EXERCISE PROMPT
After locating the line that holds "Bohatý stôl, výbornú", repeat it and each following line exactly until the material ends, skipping pictures.

════════

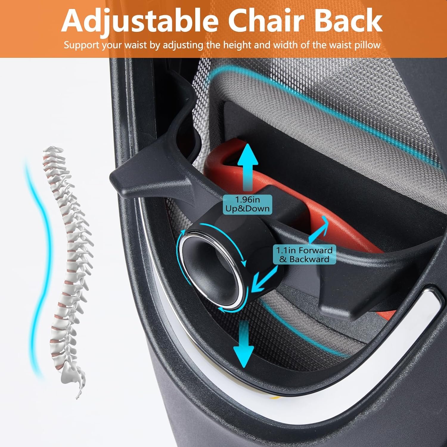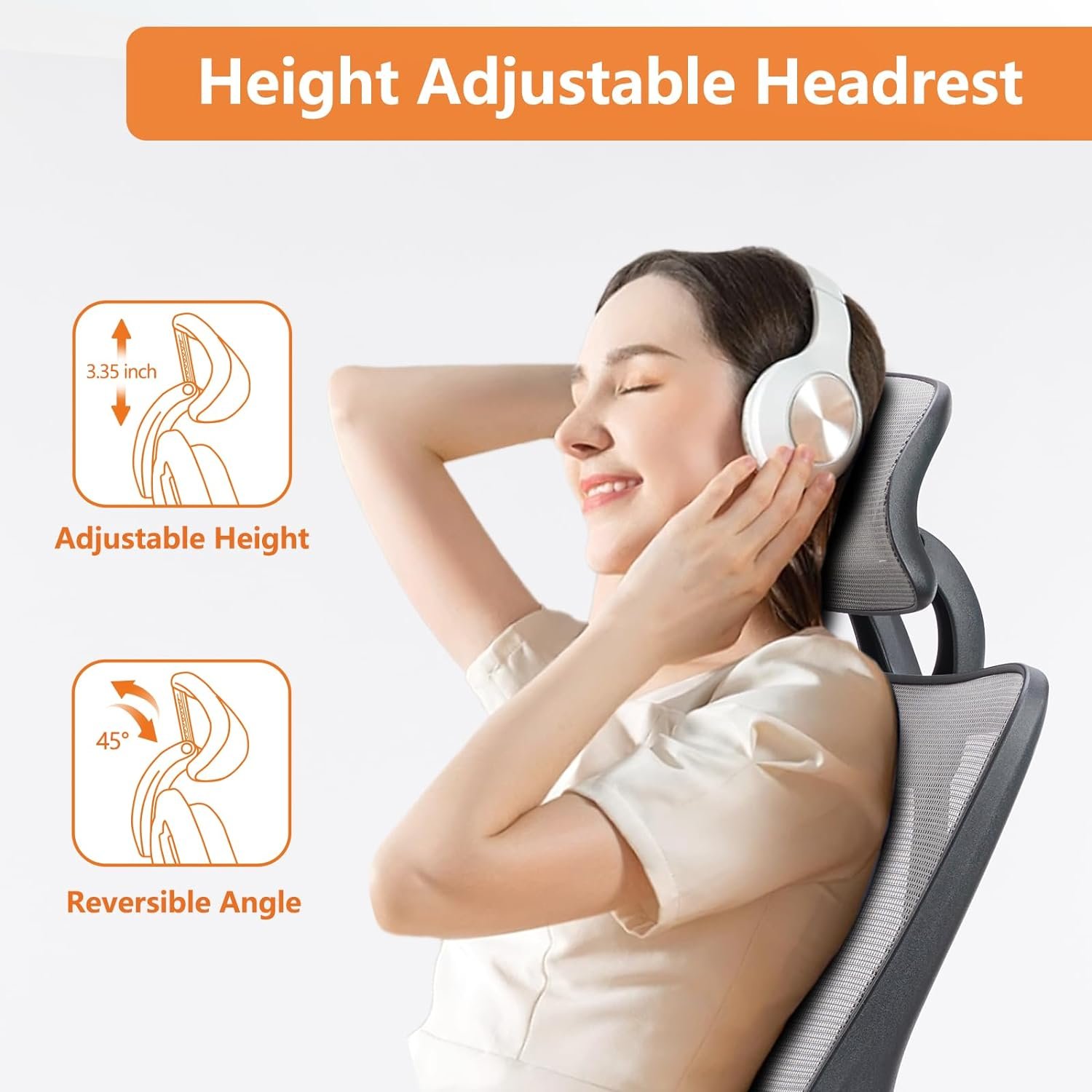 【Adjustable Headrest & Lumbar Support】The headrest of this ergonomic home office chair is adjustable in height and 45° angle to meet the needs of work and relaxation. The soft lumbar support can be adjusted up and down, front and back freely to fit the lumbar area more closely and relieve the fatigue of sitting for a long time.
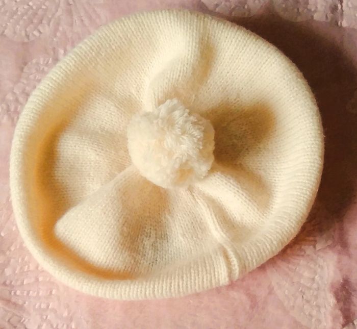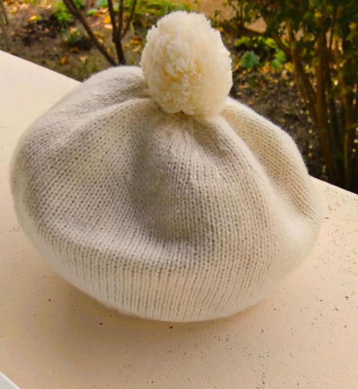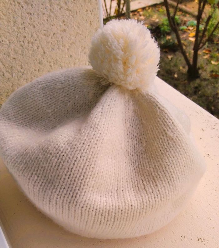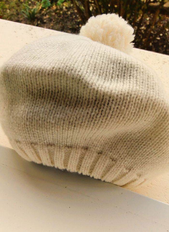 jamais utilisé laine + polyamide + acrylique + élastane très doux bord cotes à la base 35 cm de circonférence environ hauteur 17 cm (sans le pompon) coloris IVOIRE
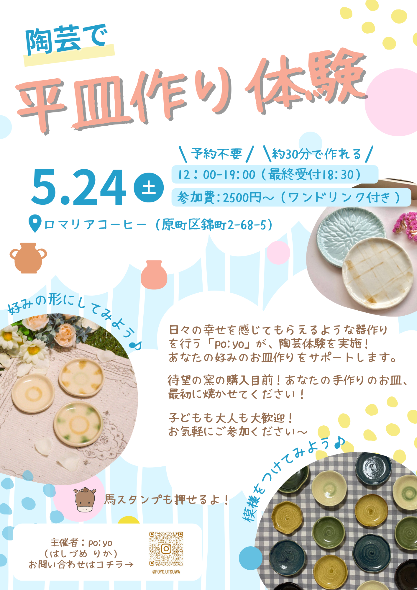 po:yoお気に入りのカフェにて、陶芸体験イベントを実施させて頂けることになりました。
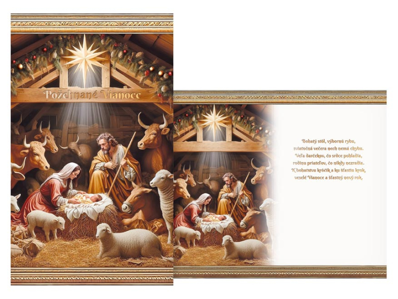 Bohatý stôl, výbornú rybu, sviatočná večera nech nemá chybu. Veľa darčekov, čo srdce pohladia, rodinu priateľov, čo nikdy nezradia. K bohatstvu krôčik a ku šťastiu krok, veselé Vianoce a šťastný Nový rok.
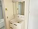 キッチンからの動線が良好な洗面室!収納も豊富な三面鏡の洗面台があります♪
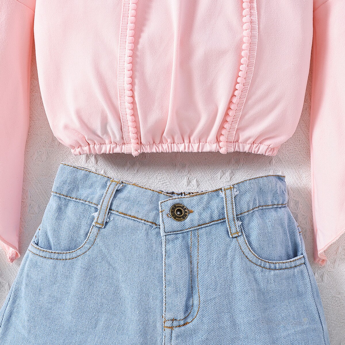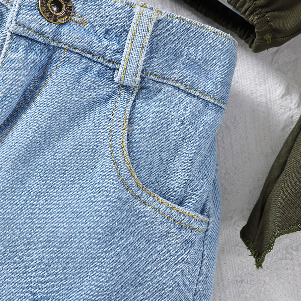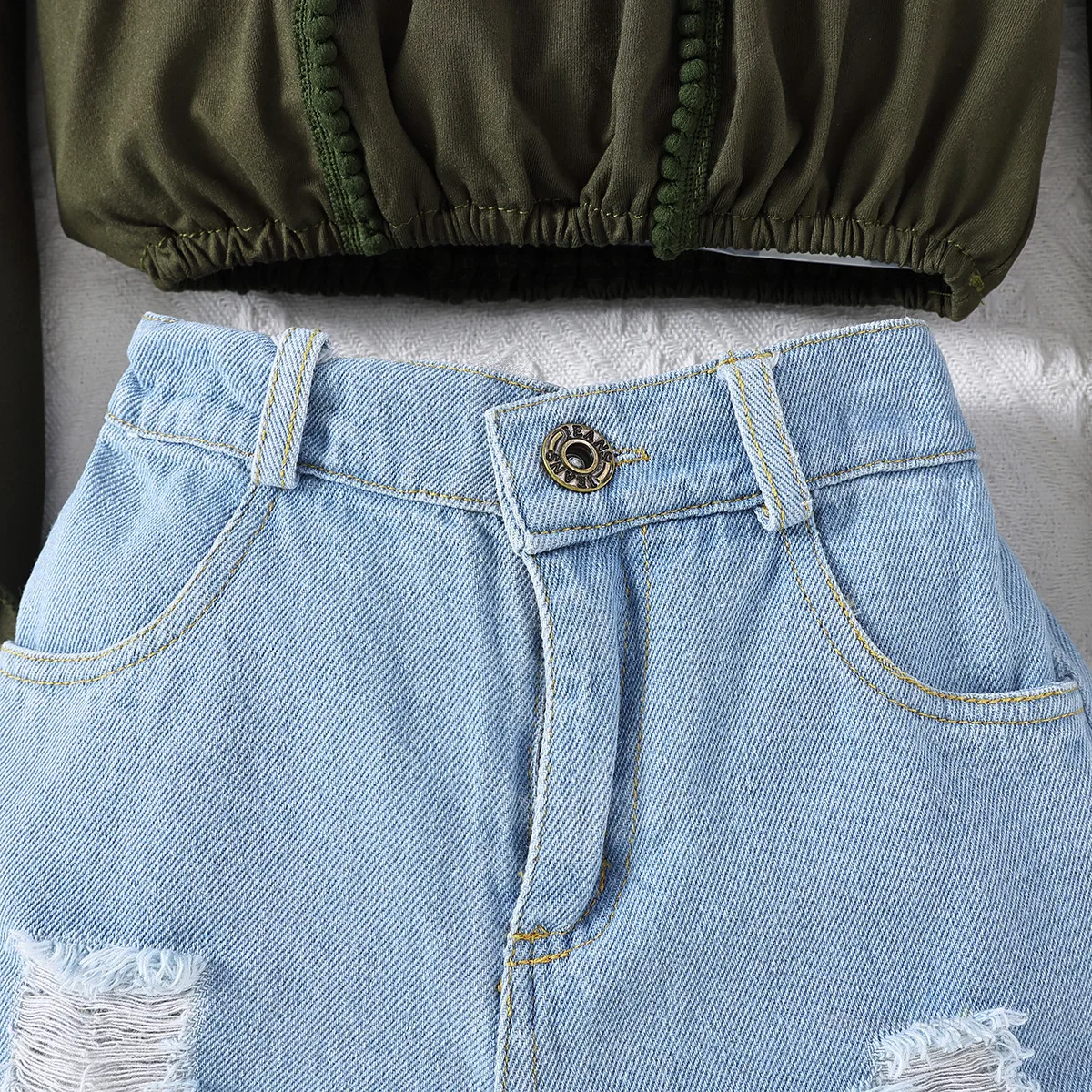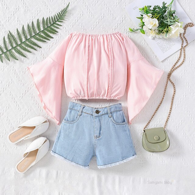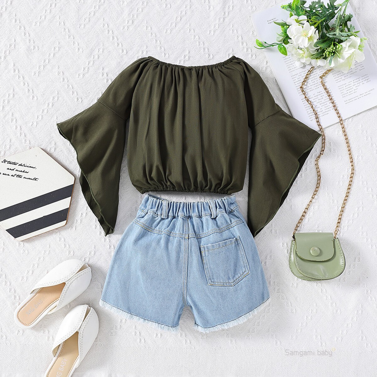 Комплект одежды для маленьких девочек из 2 предметов, модный однотонный топ + джинсовые шорты с дырками, эксклюзивная детская одежда, одежда BC2410, на лето

════════

EXPECTED ANSWER
 Bohatý stôl, výbornú rybu, sviatočná večera nech nemá chybu. Veľa darčekov, čo srdce pohladia, rodinu priateľov, čo nikdy nezradia. K bohatstvu krôčik a ku šťastiu krok, veselé Vianoce a šťastný Nový rok.
 キッチンからの動線が良好な洗面室!収納も豊富な三面鏡の洗面台があります♪
 Комплект одежды для маленьких девочек из 2 предметов, модный однотонный топ + джинсовые шорты с дырками, эксклюзивная детская одежда, одежда BC2410, на лето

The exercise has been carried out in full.